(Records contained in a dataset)
• • • • • • •
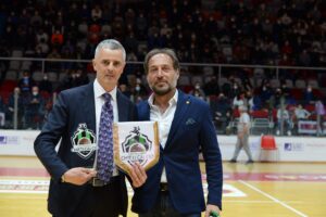 Prima del via il presidente del Comitato Centenario Chieti Calcio, Stefano Marchionno, per suggellare l’alleanza stretta con la Lux Chieti Basket ha consegnato una targa ricordo e il gagliardetto dei 100 anni neroverdi al presidente della società biancorossa, Gabriele Marchesani.
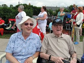 ![]() George Robinson 和Jenny Robinson夫妇俩观看游行 |
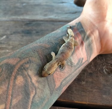 Ci-dessus, un gecko/margouillat. Ces lézards sont généralement aussi vifs que craintifs mais Tony, qui posait pour cette photo, est un pote.
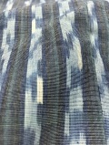 藍を基調とした天然色に揺らぎという曖昧な魅力に目を奪われます。幾種もの草木を用いて染色された木綿糸が複合的な滲みを見事に表現しています。白く染め抜かれた縦絣に自然の情景を思い浮かべ まるで鳥のさえずりが聞こえてくるような。「鳥のうた」こう名付けられた作品名の奥深さを考えてしまうのです。
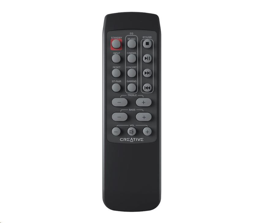 Vyberte si z předvoleného nastavení EQ pro filmy, hudby, koncert a herní režim pomocí dálkového ovládání, které je součástí balení. Kromě obvyklých ovládacích prvků pro zvuk a hlasitost dálkové ovládání nabízí také možnost zvýšení nebo snížení nastavení výšek a basů.
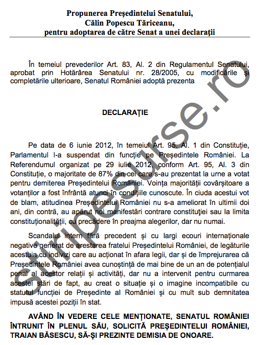 “Senatul va cere in plen demisia de onoare a Presedintelui. Va trebui o declaratie nu doar a Senatului ci sa initieze si Camera Deputatilor un demers similar, si Parlamentul sa formuleze o declaratie comuna. (…) Declaratia privind demisia are valoare politica. Declaratia nu poate fi ignorata nici pe presedinte, nici de opinia publica, nici de partenerii internationali.
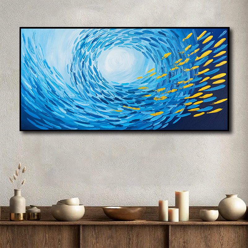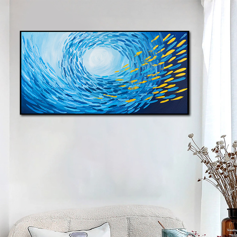 Pesce dorato blu contemporaneo dipinto a mano pittura a olio su tela grande arte oceano mare pittura a olio profonda decorazione per la casa
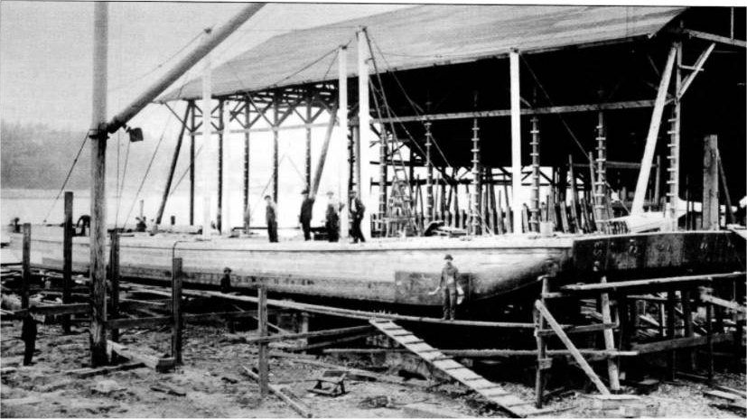 92k | Original wood hull of USED Snagboat Swinomish under construction, 1 October 1914, at Winslow, WA..
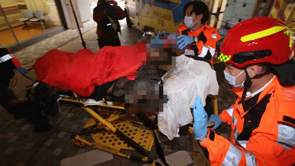大埔宏福苑今日(26日)发生五级大火,酿成至少12死16伤,当中包括一名消防员。有宏昌阁低层住户被困,一度向外求救,约3小时终于救出,他被困时曾表示“我开唔到门㗎喇,两边走火通道都着晒火,一开门啲浓烟就会攻入嚟”,更指“烧死应该唔会嘅,最多吸入浓烟死㗎啫。”
• • • • • • •
● **Your objective**: Reproduce, word for word, only the lines in the records above from the line with "藍を基調とした天然色に揺らぎ" through the line with "Vyberte si z", including both ends; omit the pictures.

● **Finished exercise**:
 藍を基調とした天然色に揺らぎという曖昧な魅力に目を奪われます。幾種もの草木を用いて染色された木綿糸が複合的な滲みを見事に表現しています。白く染め抜かれた縦絣に自然の情景を思い浮かべ まるで鳥のさえずりが聞こえてくるような。「鳥のうた」こう名付けられた作品名の奥深さを考えてしまうのです。
 Vyberte si z předvoleného nastavení EQ pro filmy, hudby, koncert a herní režim pomocí dálkového ovládání, které je součástí balení. Kromě obvyklých ovládacích prvků pro zvuk a hlasitost dálkové ovládání nabízí také možnost zvýšení nebo snížení nastavení výšek a basů.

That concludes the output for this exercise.